Soy mujer y a veces, he sentido miedo al volver a casa de noche. Y de día.
De noche porque como todas, o casi, he caminado mirando atrás, cruzando de acera, fingiendo conversaciones con el móvil y con las llaves en la mano.
Me he asustado ante cualquier ruido, ante cualquier chico que se cruzara en mi camino o que viniera detrás, aunque luego descubriera que era el vecino del tercero.
De noche porque todas hemos tenido miedo al volver a casa, sobre todo si tus amigas viven en la otra punta de la ciudad y nadie va en tu dirección.
Y he sentido miedo de día porque hace años hubo un cabronazo que se dedicó a seguirme por el barrio. Caminando y en coche. Un tipo de la edad de mis padres, caminando detrás de mi yo de 16 años y diciéndome comentarios que ójala nunca hubiera escuchado. Un tipo que si iba en coche y me veía por la acera, bajaba la velocidad y se ponía a mi altura para volver a soltar sus putos comentarios.
Por suerte, a mi yo de 16 años le pudo más el miedo que la vergüenza y un día se lo conté a mi madre.
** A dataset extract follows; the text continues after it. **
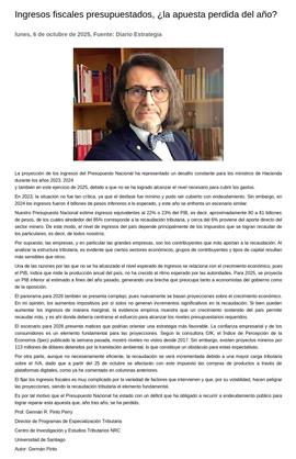 El panorama para 2026 también se presenta complejo, pues nuevamente se basan proyecciones sobre el crecimiento económico. En mi opinión, los aumentos impositivos por sí solos no generan incrementos significativos en la recaudación. Si bien pueden aumentar los ingresos de manera marginal, la evidencia empírica muestra que un crecimiento sostenido del país permite recaudar más, y es ahí donde debería centrarse el esfuerzo para alcanzar los niveles presupuestarios requeridos.

Y desde aquel día, comencé a ir acompañada por alguien de mi familia hasta a mis clases particulares de matemáticas de las tres y media de la tarde. Día tras día durante una temporada grande no salía sola del portal y el tipo comenzó a desaparecer, porque ya se sabe, los “valientes” no son tan valientes cuando la de 16 años ya no va sola.
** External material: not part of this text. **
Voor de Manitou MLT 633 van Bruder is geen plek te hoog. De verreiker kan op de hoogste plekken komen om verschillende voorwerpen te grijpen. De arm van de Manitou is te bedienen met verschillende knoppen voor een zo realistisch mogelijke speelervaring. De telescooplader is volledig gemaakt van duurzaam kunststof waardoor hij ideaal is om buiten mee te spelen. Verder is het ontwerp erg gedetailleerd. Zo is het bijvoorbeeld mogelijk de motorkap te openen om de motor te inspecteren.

Y hace poco me lo volví a cruzar, y esbozó una media sonrisa a la que le espeté un “gilipollas” bien alto para que lo oyera la gente, y esta vez, no era yo la que agachaba la cabeza y aceleraba el paso, sino él.
De noche, como os contaba, he sentido ese miedo normalizado (¿en qué momento hemos llegado a esta situación?) que nos viene impuesto por la sociedad. Ese miedo que nos ha hecho imposible disfrutar de un paseo bajo las estrellas una noche de verano porque lo único que querías era cerrar la puerta del portal a tus espaldas cuanto antes.
Fue ese miedo impuesto y normalizado el que me llevó a volver a casa en taxi la mayoría de las noches que salía a tomarme unas copas con mis amigas.
Siempre me guardaba mis 10 euros para poder volver, y si los gastaba, siempre le decía al taxista que le dejaba el DNI y subía a casa a por el dinero. Y subía, y despertaba a mis padres, si es que no estaban despiertos, para pedirles el dinero. Y no había bronca, porque sí, me había gastado hasta el último céntimo que tenía en mi cartera pero había vuelto en taxi y no caminando sola. Luego llegaron los autobuses nocturnos en alguna ocasión, pero había que caminar de la parada a casa excepto cuando el conductor más majérrimo que he conocido en toda mi vida sabía donde vivíamos los cuatro que íbamos a la última parada del recorrido y antes de tomarse su café y del siguiente viaje, nos dejaba lo más cerca posible de nuestros portales.
Y así, debido al miedo de la noche, conocí a aquellos hombres buenos que sabían de ese miedo, lo entendían e intentaban eliminarlo. Gracias.
Gracias a esos taxistas que una vez acabada la carrera, me preguntaban cuál era mi ventana y me decían que estarían allí parados hasta que encendiera la luz. Y lo hacían.
Gracias a esos serenos que me acompañaban a las paradas de taxi para que no fuera sola.
Gracias a ese conductor de autobús que a veces abría las puertas en los semáforos porque vivíamos enfrente. Y no arrancaba hasta que nos veía entrar en el portal. A veces, saltarse la norma, es ser mejor profesional.
Gracias y ojalá no os las hubiera tenido que dar porque eso significaría que no existiría el miedo, que volver a casa sola de noche no sería ser valiente.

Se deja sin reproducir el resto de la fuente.